■ **Given entries**:
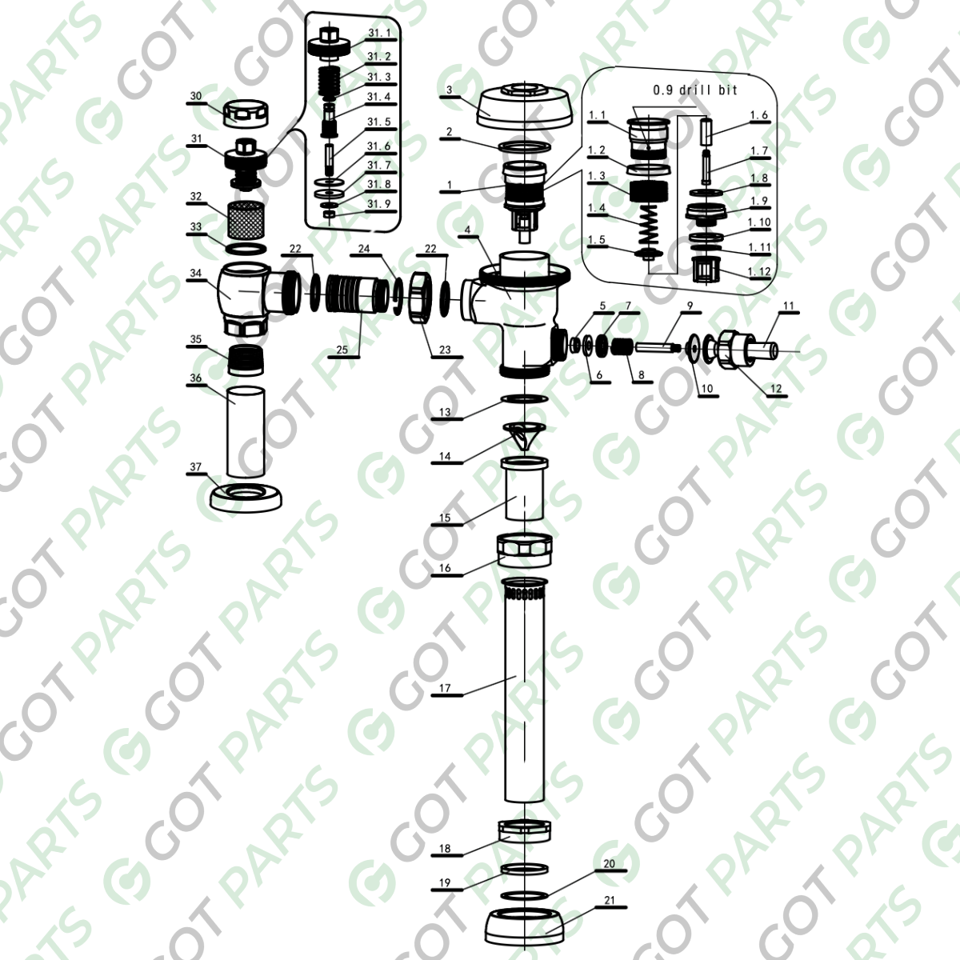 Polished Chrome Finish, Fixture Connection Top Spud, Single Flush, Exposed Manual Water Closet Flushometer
--
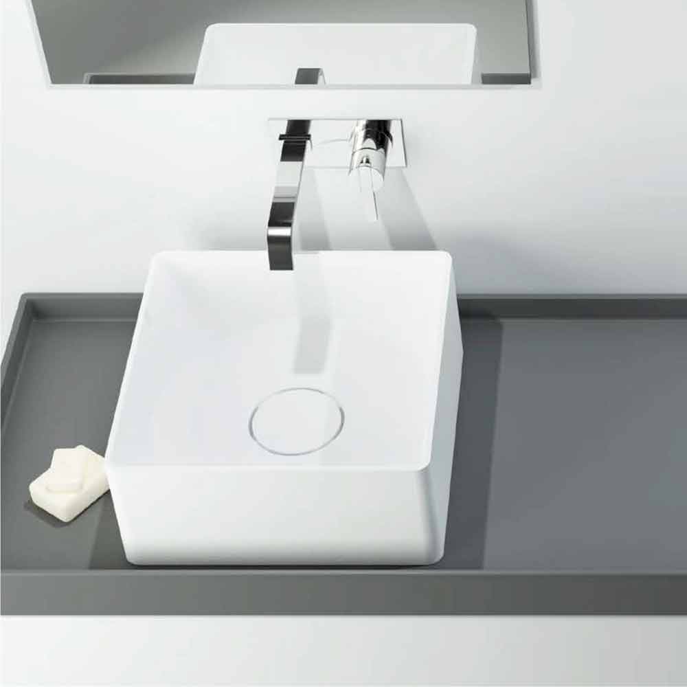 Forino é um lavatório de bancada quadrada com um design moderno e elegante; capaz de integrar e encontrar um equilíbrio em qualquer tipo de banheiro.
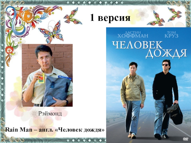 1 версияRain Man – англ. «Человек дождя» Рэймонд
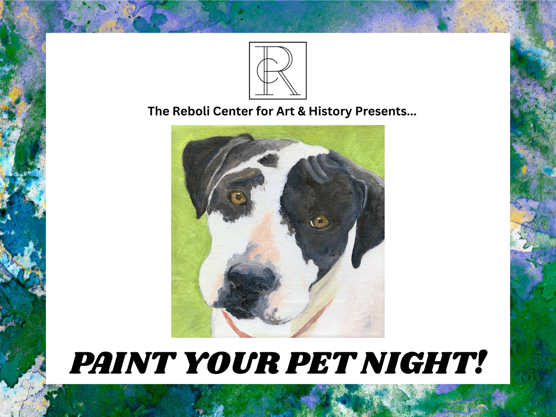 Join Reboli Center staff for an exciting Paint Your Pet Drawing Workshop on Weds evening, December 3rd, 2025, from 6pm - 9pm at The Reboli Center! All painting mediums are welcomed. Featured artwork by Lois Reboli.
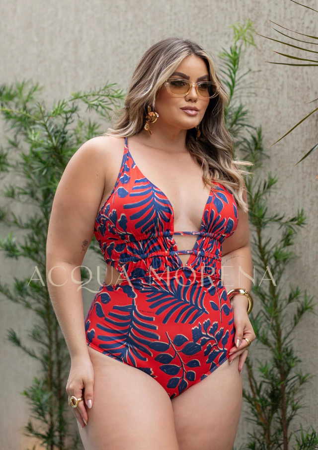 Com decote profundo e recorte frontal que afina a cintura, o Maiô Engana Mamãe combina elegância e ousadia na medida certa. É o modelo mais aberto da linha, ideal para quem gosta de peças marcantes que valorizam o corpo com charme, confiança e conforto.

■ **Work order**: Using the data above, give again exactly the lines starting at the one holding "1 версияRain Man" and ending at the one holding "Join Reboli Center", inclusive, and nothing more. Omit the pictures.

■ **Solved problem**:
 1 версияRain Man – англ. «Человек дождя» Рэймонд
 Join Reboli Center staff for an exciting Paint Your Pet Drawing Workshop on Weds evening, December 3rd, 2025, from 6pm - 9pm at The Reboli Center! All painting mediums are welcomed. Featured artwork by Lois Reboli.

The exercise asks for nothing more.